What is expected. Below is a listing. Return the lines from the one that contains "Tall glasses with" to the one that contains "We expect new", both ends included, verbatim and with no pictures.

(Data extract begins)

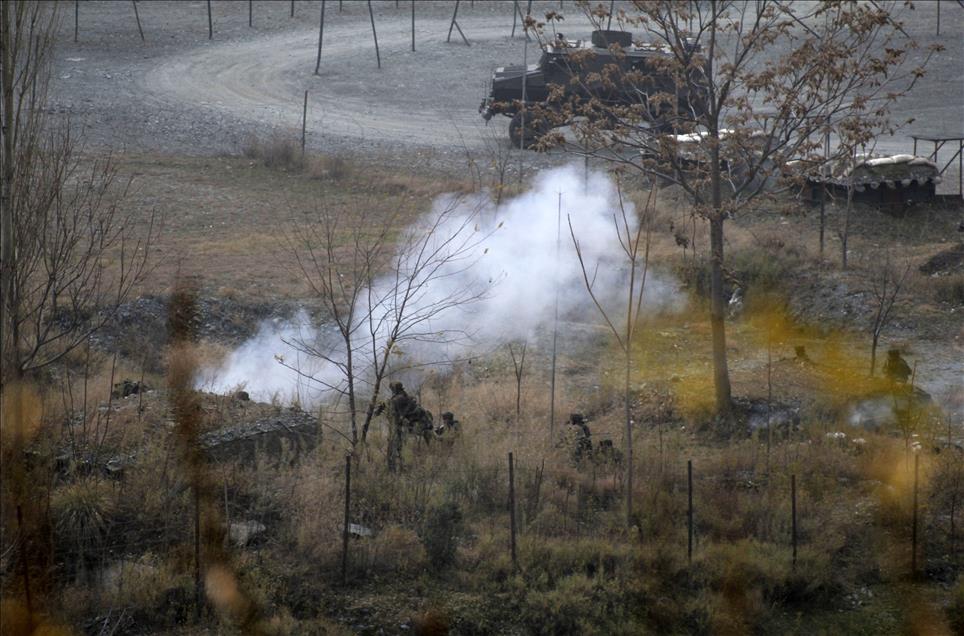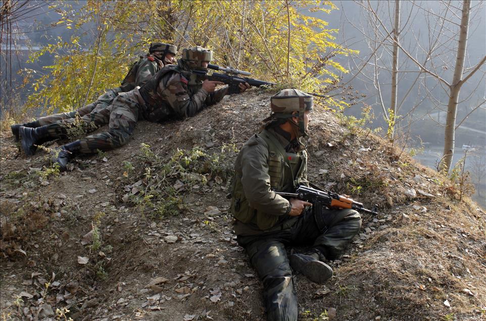 URI, KASHMIR, DECMEBER – 5: Indian army men take their positions on top of mountain, during an encounter between suspected militants and Army soldiers on their base at Mohra, in Uri, 100 kms from capital Srinagar on December 5, 2014. Militants sneaked into an Indian army camp in Kashmir on Friday morning killing at least ten soldiers and police in their bunkers, the worst losses for security forces in more than a year. Photo Ahmer Khan/Anadolu AgencyAhmer Khan
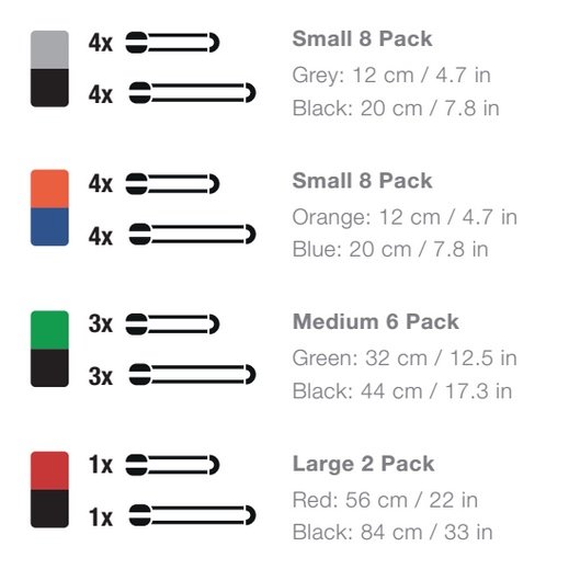 - Medium Pixi 6-pack (3 x 32 cm + 3 x 40 cm) Velegnet til at organisere gadgets i hjemmet, forsegle posen, bundt af bøger mv
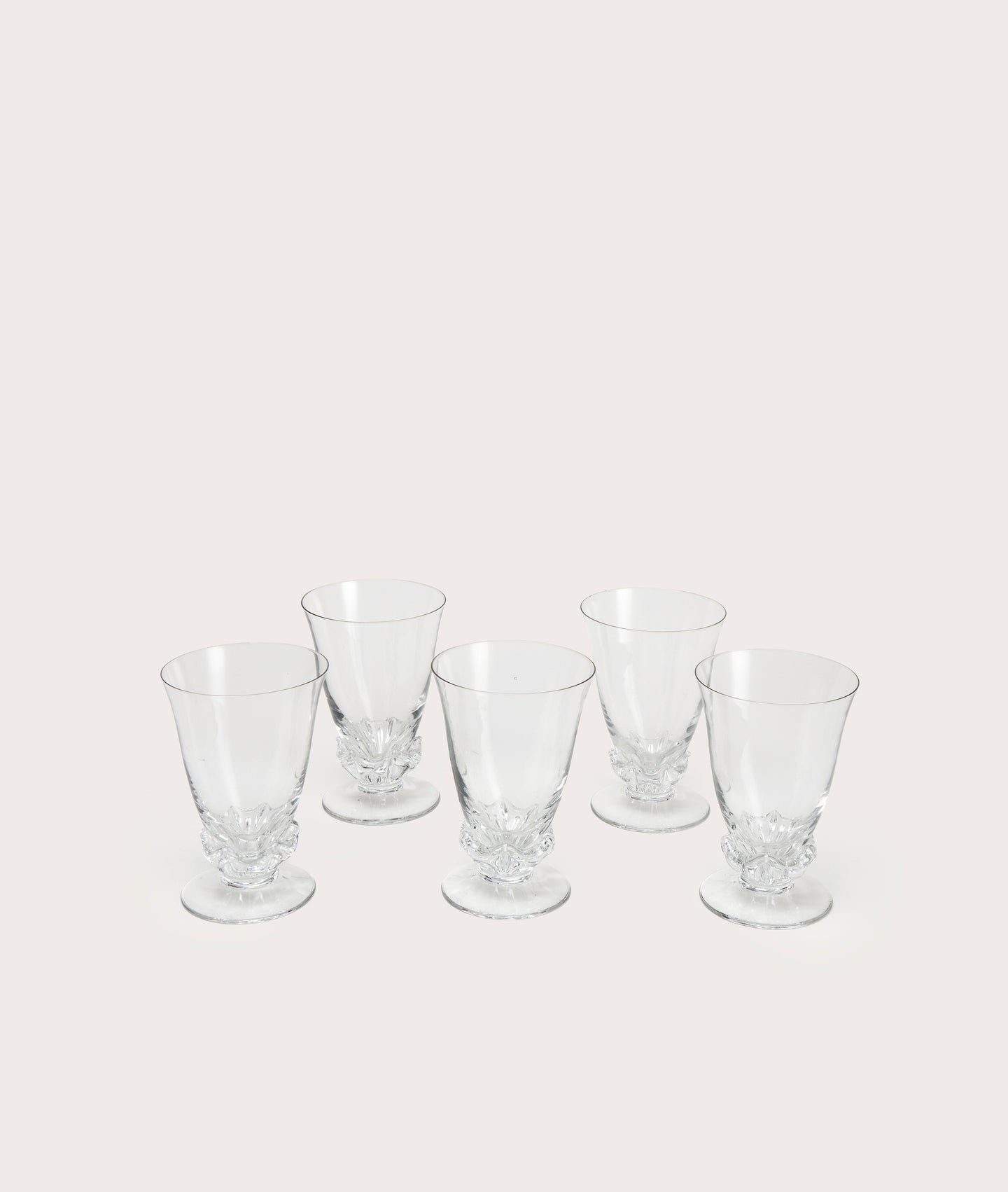 Tall glasses with ornate detailing at the footed base, perfect for water or a spritz. Sourced in Paris. Set of 5.
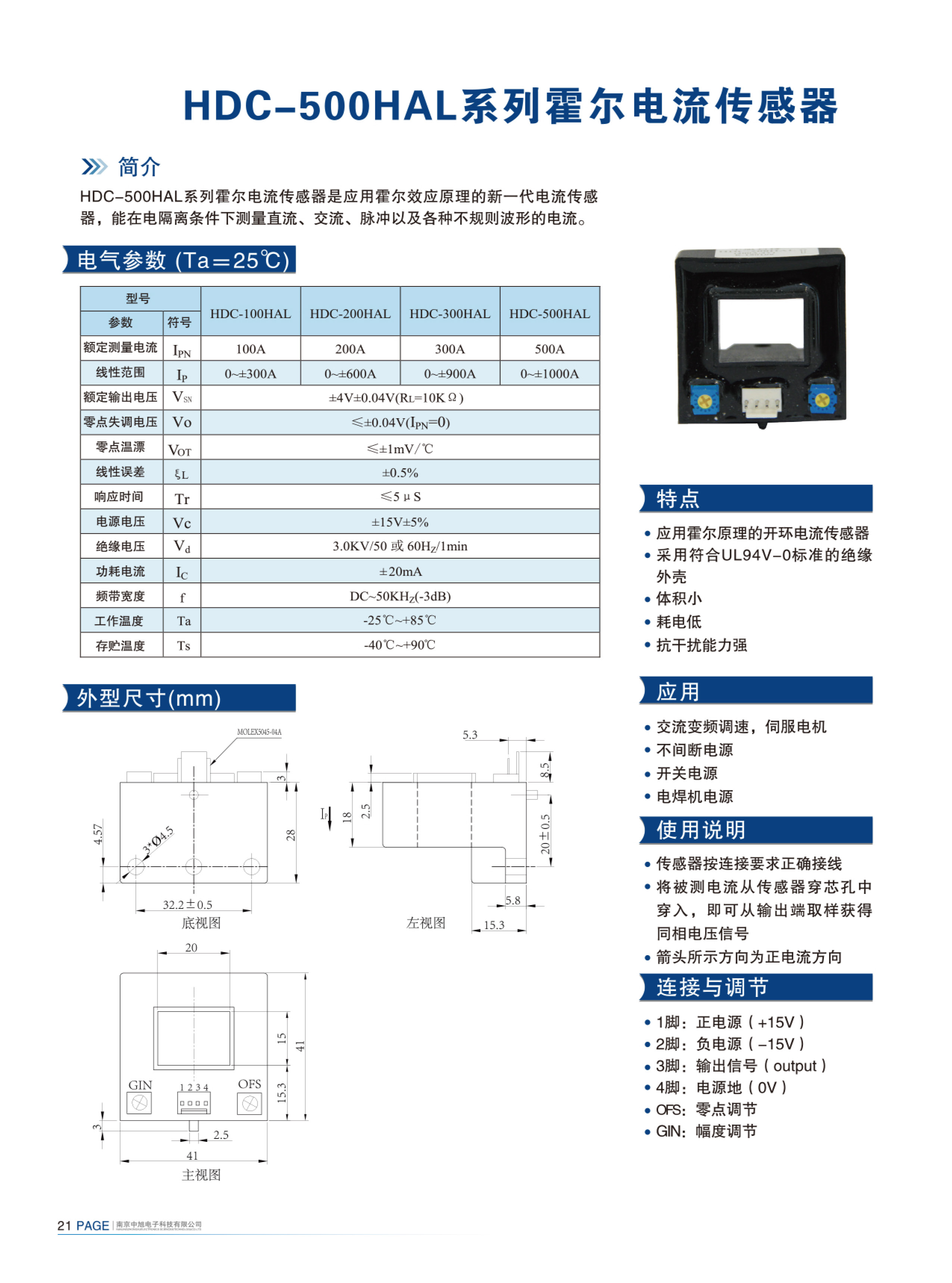 HDC-500HAL系列霍爾電流傳感器是應用霍爾效應原理的新一代電流傳感器,能在電隔離條件下測量直流、交流、脈沖以及各種不規(guī)則波形的電流。
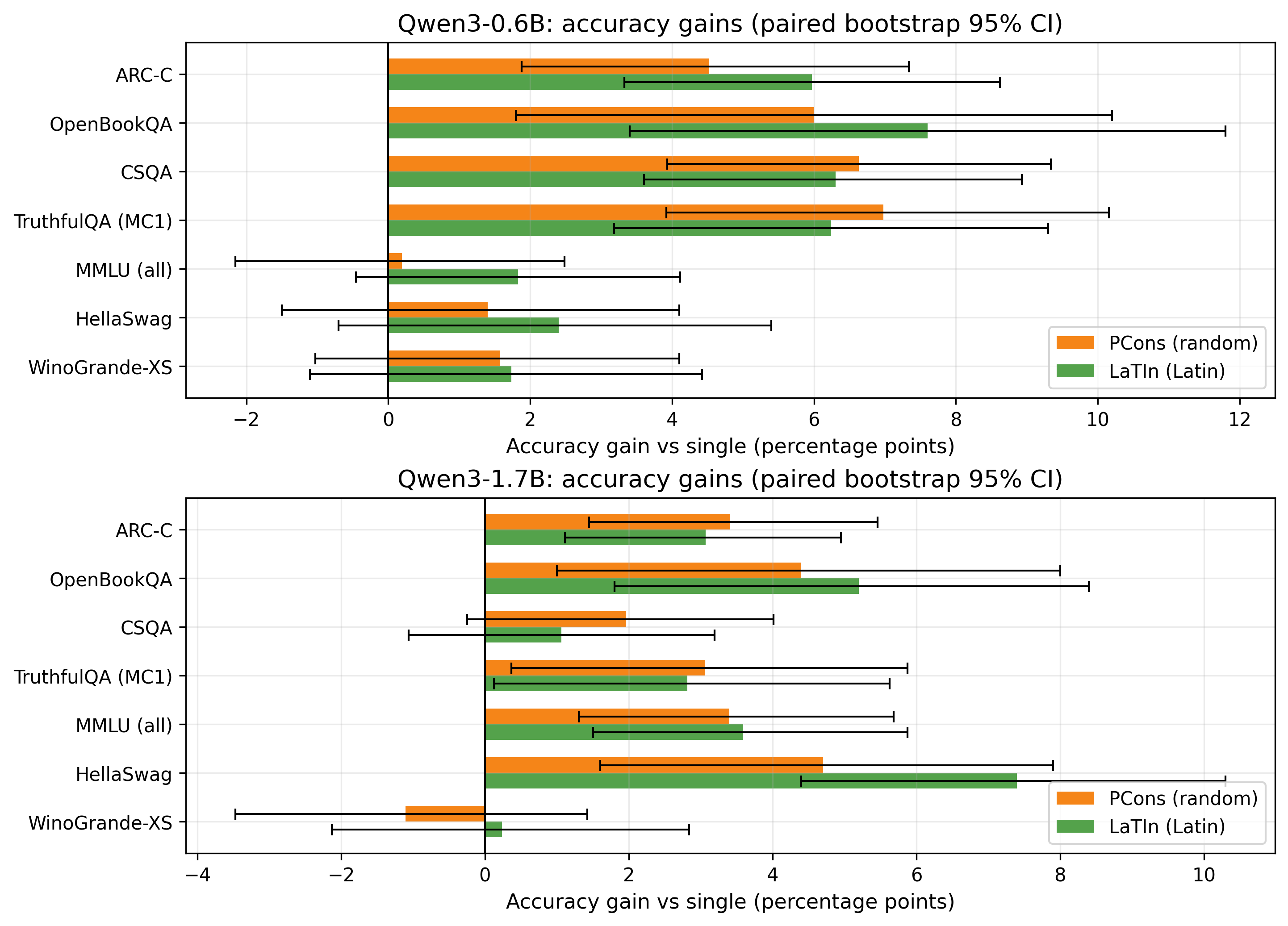 | Qwen/Qwen3-1.7B | HellaSwag | +7.4 pp | LaTIn |
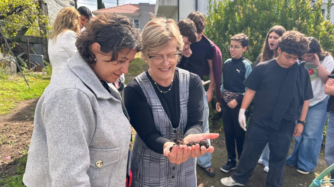 A vermicompostagem é uma técnica ecológica que utiliza minhocas para transformar resíduos orgânicos num composto natural e nutritivo, contribuindo para uma agricultura mais sustentável e reduzindo o impacto ambiental. A visita foi acompanhada pelos professores Anabela Correia e Hélder Ribeiro, que explicaram o funcionamento do projeto e os seus benefícios.
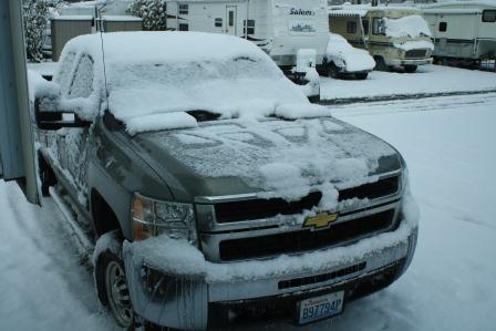 But we got ‘er done (again) and hit the road. After that it was smooth sailing, and we arrived in McMinnville safely (and grungy from the road melt) hoping that the next 3 days would bring a nice big thaw and maybe even a little rain to rinse the rig down. Stay tuned as we migrate south in search of warm weather!
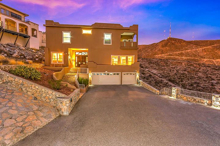 Enjoy the fabulous views of the Franklin Mtns and the city lights of two cities and 2 countries. This 5 bdrm multi-level home sits at end of a cul-de-sac in the gated and guarded community of Sierra Crest. Close to the hospitals, university and downtown. Home features 5 bedrooms plus an office/library Breakfast area with an Island. Multiple balconies to enjoy the cities' view. it has a 3 Car garage.
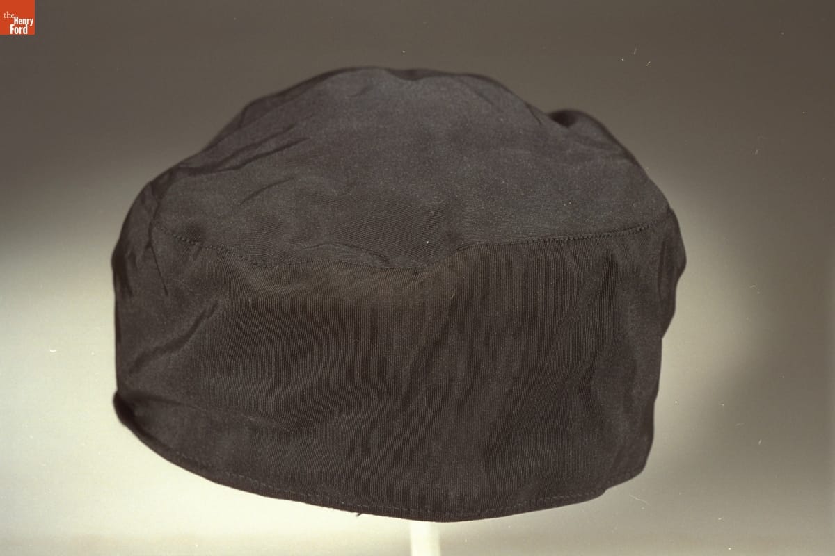 During the late 1800s and early 1900s men wore simple, close-fitting, brimless caps like this when working outside or in laboratories, factories or workshops. These caps protected the hair from dirt and debris and kept the head warm.
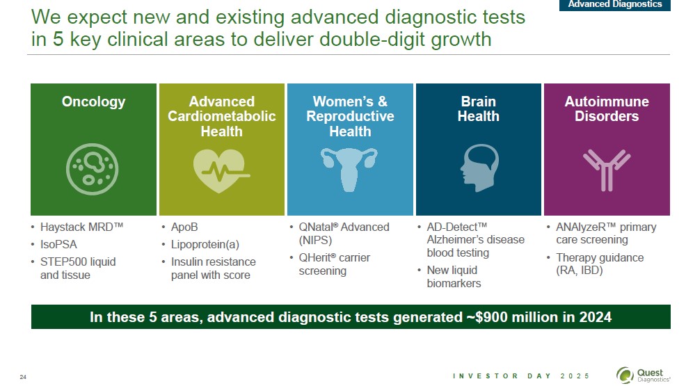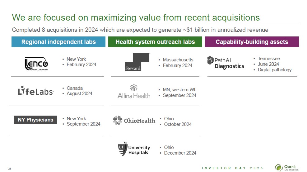 We expect new and existing advanced diagnostic tests in 5key clinical areas to deliver double-digit growth Advanced Diagnostics Oncology Advanced Cardiometabolic Health Women's and Reproductive Health Brain Health Autoimmune Disorders Haystack MRDTM IsoPSA STEP500 liquid and tissue ApoB Lipoprotein(a) Insulin resistance panel with score QNatalR Advanced (NIPS) QHeritR carrier screening AD-DetectTM Alzheimer's disease blood testing New liquid biomarkers ANAlyzeRTM primary care screening Therapy guidance (RA, IBD) Portfolio of new and existing advanced diagnostic tests generated ~900 million in 2024 24 Investor Day 2025 Quest Diagnostics
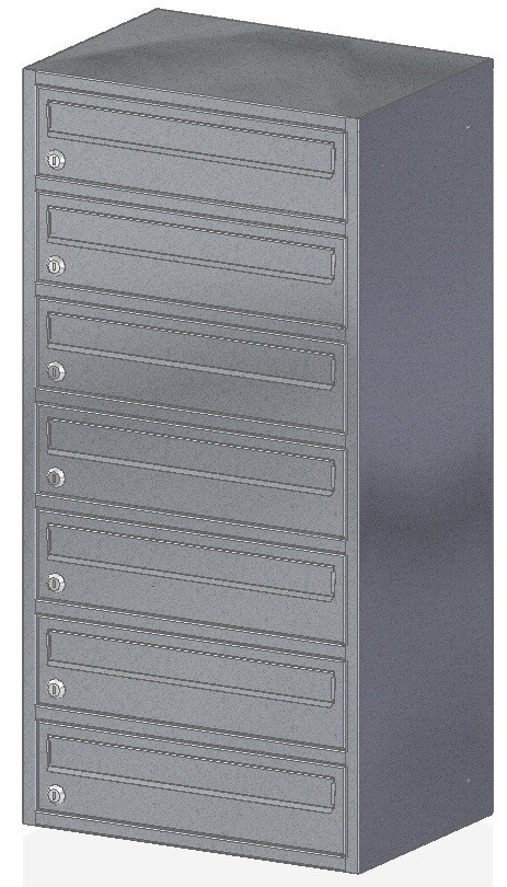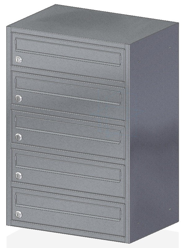 Skrzynka nieprzelotowa przeznaczona do montażu na przegrodzie budowlanej, wewnątrz budynków mieszkalnych. Wrzut korespondencji odbywa się dłuższym bokiem przez odchylenie klapki na zewnątrz do góry skrzynki. Drzwiczki otwierają się na bok.
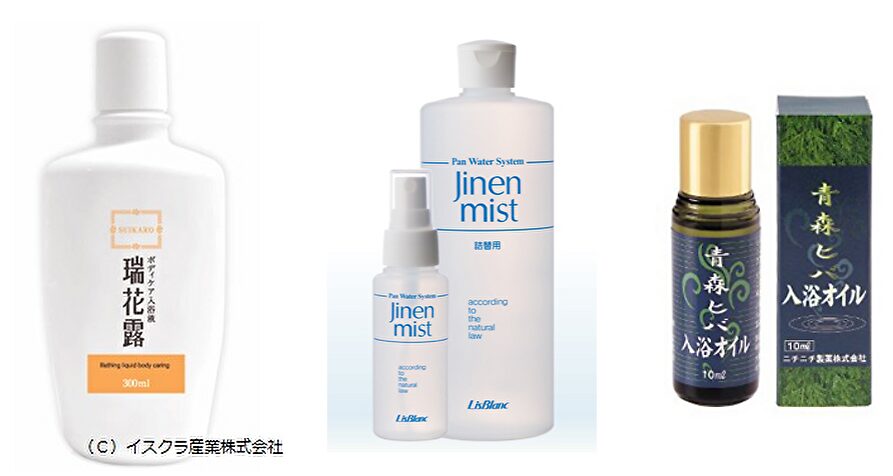 花しずく潤(ルン)乳液・瑞花露(すいかろ)入浴剤・瑞花露ローション・青森ヒバオイルなど。
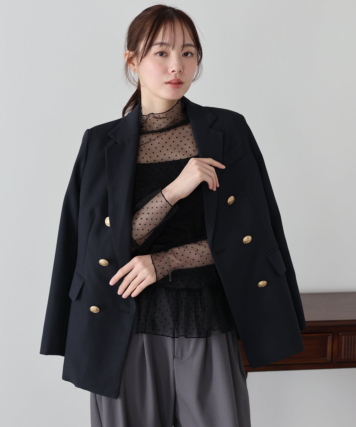 華やかで繊細なドットをペプラムシルエットに落とし込み、

(Data extract ends)

Finished exercise.
 Tall glasses with ornate detailing at the footed base, perfect for water or a spritz. Sourced in Paris. Set of 5.
 HDC-500HAL系列霍爾電流傳感器是應用霍爾效應原理的新一代電流傳感器,能在電隔離條件下測量直流、交流、脈沖以及各種不規(guī)則波形的電流。
 | Qwen/Qwen3-1.7B | HellaSwag | +7.4 pp | LaTIn |
 A vermicompostagem é uma técnica ecológica que utiliza minhocas para transformar resíduos orgânicos num composto natural e nutritivo, contribuindo para uma agricultura mais sustentável e reduzindo o impacto ambiental. A visita foi acompanhada pelos professores Anabela Correia e Hélder Ribeiro, que explicaram o funcionamento do projeto e os seus benefícios.
 But we got ‘er done (again) and hit the road. After that it was smooth sailing, and we arrived in McMinnville safely (and grungy from the road melt) hoping that the next 3 days would bring a nice big thaw and maybe even a little rain to rinse the rig down. Stay tuned as we migrate south in search of warm weather!
 Enjoy the fabulous views of the Franklin Mtns and the city lights of two cities and 2 countries. This 5 bdrm multi-level home sits at end of a cul-de-sac in the gated and guarded community of Sierra Crest. Close to the hospitals, university and downtown. Home features 5 bedrooms plus an office/library Breakfast area with an Island. Multiple balconies to enjoy the cities' view. it has a 3 Car garage.
 During the late 1800s and early 1900s men wore simple, close-fitting, brimless caps like this when working outside or in laboratories, factories or workshops. These caps protected the hair from dirt and debris and kept the head warm.
 We expect new and existing advanced diagnostic tests in 5key clinical areas to deliver double-digit growth Advanced Diagnostics Oncology Advanced Cardiometabolic Health Women's and Reproductive Health Brain Health Autoimmune Disorders Haystack MRDTM IsoPSA STEP500 liquid and tissue ApoB Lipoprotein(a) Insulin resistance panel with score QNatalR Advanced (NIPS) QHeritR carrier screening AD-DetectTM Alzheimer's disease blood testing New liquid biomarkers ANAlyzeRTM primary care screening Therapy guidance (RA, IBD) Portfolio of new and existing advanced diagnostic tests generated ~900 million in 2024 24 Investor Day 2025 Quest Diagnostics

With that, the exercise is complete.